The difference between TUs predicted in the present study and known operons in B. subtilis indicates that most of the predicted TUs are consistent with those reported (Fig. 3). Consequently, the entire TU map on B. subtilis genome can be estimated on the basis of the predicted TUs. At the 1% PWM with FDR, we can pick 2,183 genes composing 892 TUs, which include known operons, from the complete B. subtilis genome. The average size of the polycistronic transcription unit is 3.71 genes, which is comparable in size to those in Staphylococcus aureus (3.47 genes) [5] and in E. coli K12 (3.41 genes) [4]. Distribution of the TUs to the number of genes is almost identical between B. subtilis and S. aureus (Additional file 2) [5]. Thus the operon organization of those two gram-positive bacteria are fundamentally identical and are approximated by power-law equations, where the correlation of the double logarithm linear relation between the numbers of genes and of TUs composed by the genes is -0.98 in S. aureus and -0.97 in B. subtilis.

Figure 3
figure 3

Comparing TUs predicted in the present study with known B. subtilis operons, which start with the same promoters as the TUs. 65.6% of the known TUs matched the predicted units (i.e., 139 predicted TUs in the 212 known B. subtilis operons); when we included TUs lacking or gaining one gene of known TUs, this figure rose to 85.8%. The x-axis indicates difference in gene number between predicted transcriptions units and known B. subtilis operons, and the y-axis indicates the number of predicted TUs.

Discussion

In the present study, we identified various sizes of TUs regulated by each TF and detected gene clusters consisting of part of well-known operons (yabPQ regulated by σE and divIC-yabR regulated by σX in yabMNOPQ-divIC-yabR operon, nasDEF regulated by GlnR in nasBCDEF operon, yjmEFGHIJ regulated by σE in yjmABCDEFGHIJ operon, spoVE-murG regulated by σE in murE-mraY-murD-spoVE-murG-murB-divIB-ylxWX-sbp operon, xynB regulated by XylR in ynaJ-xynB operon and yoxB-yoaA regulated by σB in yoxCB-yoaA operon mentioned in Additional file 1). They are known to be regulated by internal promoters and to constitute functional components [18], for instance, yabPQ regulated by σE that plays an important role in synthesis of the spore cortex and coat [19], and divIC-yabR regulated by σX which is essential for the initiation of vegetative septum formation [20, 21] in yabMNOPQ-divIC-yabR operon. Therefore, these gene clusters separated by internal promoters tend to be functional units.
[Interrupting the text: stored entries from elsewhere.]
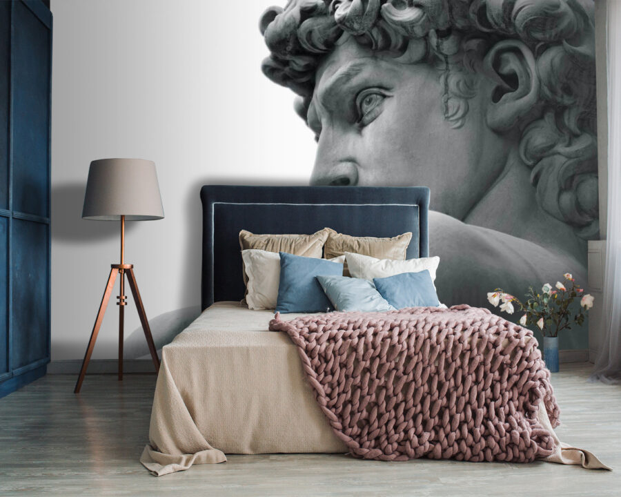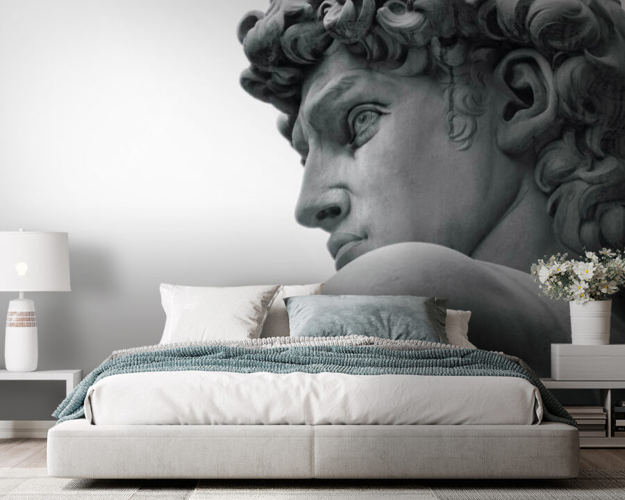 Este mural de la estatua de un hombre es como llevar una pieza de un gran museo a su propio espacio. Imagínese tener este rostro llamativo y atemporal vigilando su sala de estar: un tema de conversación instantáneo, ¿verdad? Es perfecto para aquellos que anhelan un poco de elegancia clásica pero en un entorno fresco y moderno. Los detalles son tan vívidos que casi se puede sentir la fresca suavidad del mármol. Podría transformar totalmente una pared normal en un impresionante punto focal. Cada vez que lo vea, se sentirá un poco más culto y sofisticado.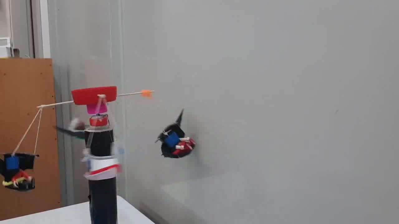 Aquí hemos construido una atracción de sillas voladoras que combina un motor que tenemos puesto ahí con la fuerza centrífuga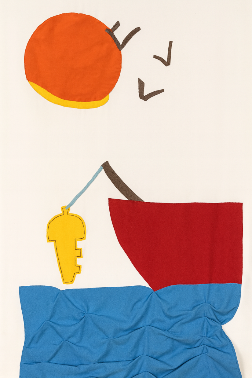 "Een sleutel wordt gevist uit de oceaan. Rust vinden op het water.
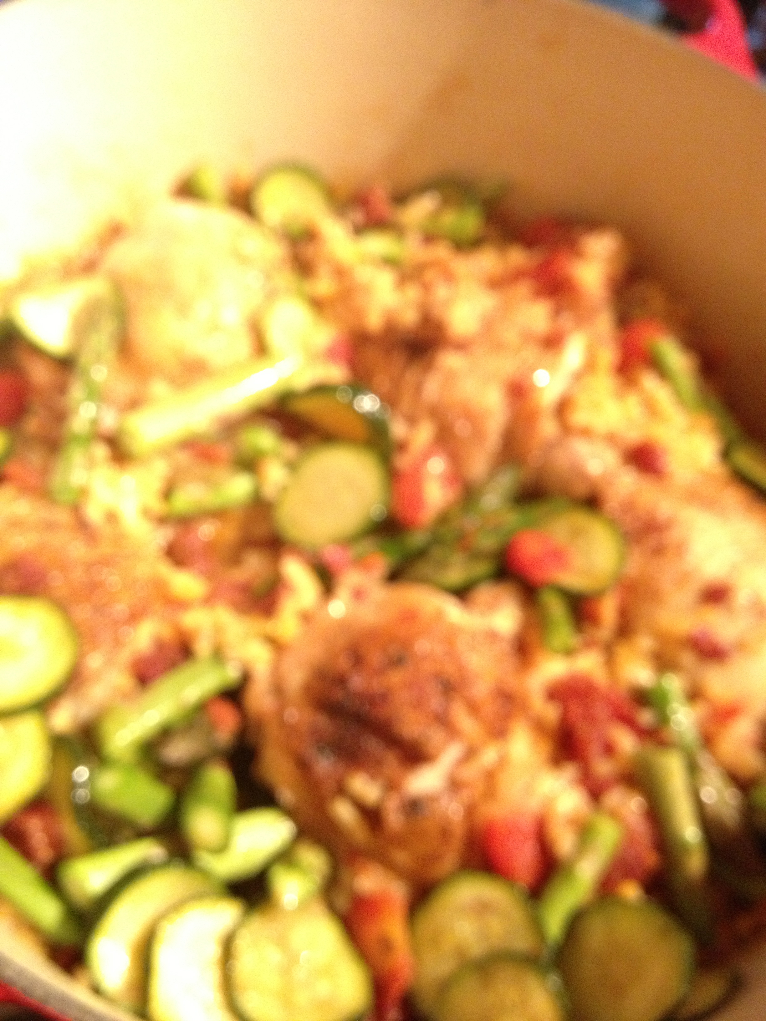 Add the asparagus and zucchini and heat in the oven for an additional 15 minutes with the lid on and 10-15 with the lid off.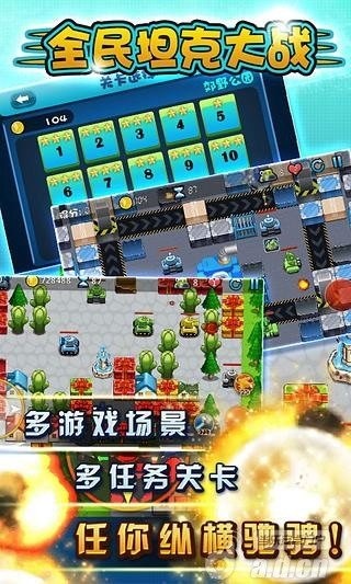 全民坦克大战2015是一款坦克对战游戏。游戏操作十分简单,进入战斗场景后,画面左下角有方向键可以控制移动,点击右下角开火键可以开炮。游戏中多种坦克选择,既有二战时期的各类主战超级坦克,又有各种神奇的坦克。培养并驾驶你的专属坦克,参与几十个有独特设计风格的关卡,执行海量里趣味十足的各种任务,爽快,爆炸酷炫,快感十足!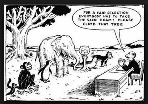 Pett, J. (n.d.). For a fair selection, everybody has to take the same exam: Please climb that tree [Editorial cartoon]. Retrieved from. https://annakolm.pl/276/fair-selection/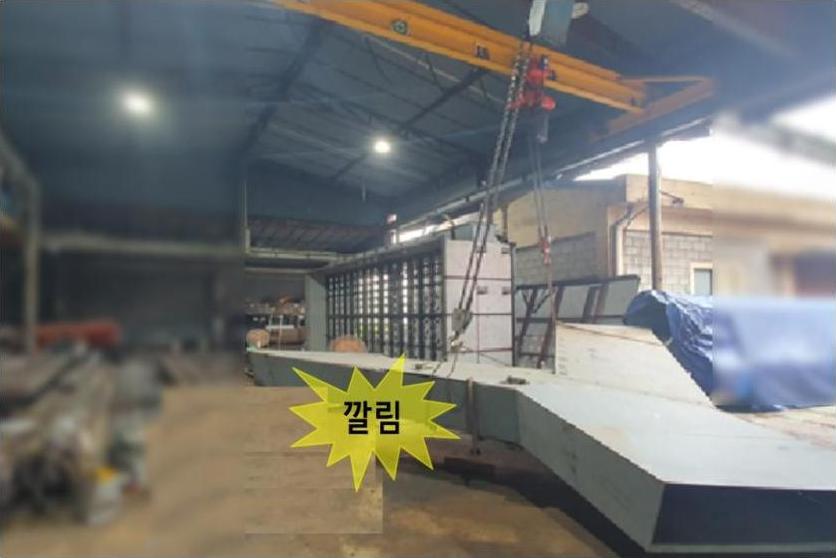 2023년 7월 14일 13:19경 인천 서구 소재 산업용기계 제조 공장에서 천장크레인으로 덕트를 뒤집던 중 연결된 체인이 이탈하며 떨어지는 덕트에 깔려 사망

Using the TU data, we examined the transcriptional regulation of genes by 11 σ factors whose promoter sequences have been characterized. The properties of individual σ factors are as follows: five σ factors (σE, σF, σG, σH, σK) regulate sporulation through morphological stages that involve the conversion of the growing cell to a two-cell sporangium, which ultimately proceeds to a single spore; σB mediates the general stress response, and more than 150 protein-coding genes for general stress belong to the σB regulon [22]; σL mediates cold-shock adaptation and regulation of the acetoin catabolic pathway [23]; σD regulates flagellar synthesis, motility, and chemotaxis [24]; σM mediates salt resistance [25]; and σX and σW play modulatory roles in extracytoplasmic function [26]. All the regulative relations of the 11 σ factors and 17 TFs to targeted genes are listed in Table S1, making it possible to characterize individual σ factors according to the genes they target. Therefore, we classified genes belonging to each of the TUs into 19 COG (clusters of orthologous groups of proteins) functional categories [27] for estimating the general roles of the σ factors and TFs in cellular processes (Fig. 4).

Figure 4
figure 4

Clustering of TFs based on the functional similarity of genes composing the TUs. For clustering of TFs, Pearson correlation coefficients among TFs were calculated using the frequencies of genes belonging to each of the COG categories. We regarded groups of TFs that have correlation coefficients above 0.70 (solid lines) as the clusters. Pearson correlation coefficients and P-values in the parentheses are represented on the solid lines. The main category represents the COG category into which the most genes regulated by each of the TFs in the clusters are classified. One-letter abbreviations use used for the functional categories: J, translation, ribosomal structure and biogenesis; K, transcription; L, DNA replication, recombination and repair; D, cell division and chromosome partitioning; O, posttranslational modification and protein turnover, chaperones; M, cell envelope biogenesis and outer membrane; N, cell motility and secretion; P, inorganic ion transport and metabolism; T, signal transduction mechanisms; C, energy production and conversion; G, carbohydrate transport and metabolism; E, amino acid transport and metabolism; F, nucleotide transport and metabolism; H, coenzyme metabolism; I, lipid metabolism; Q, secondary metabolite biosynthesis, transport and catabolism. All data were identified under PWM with 1% threshold and FDR control.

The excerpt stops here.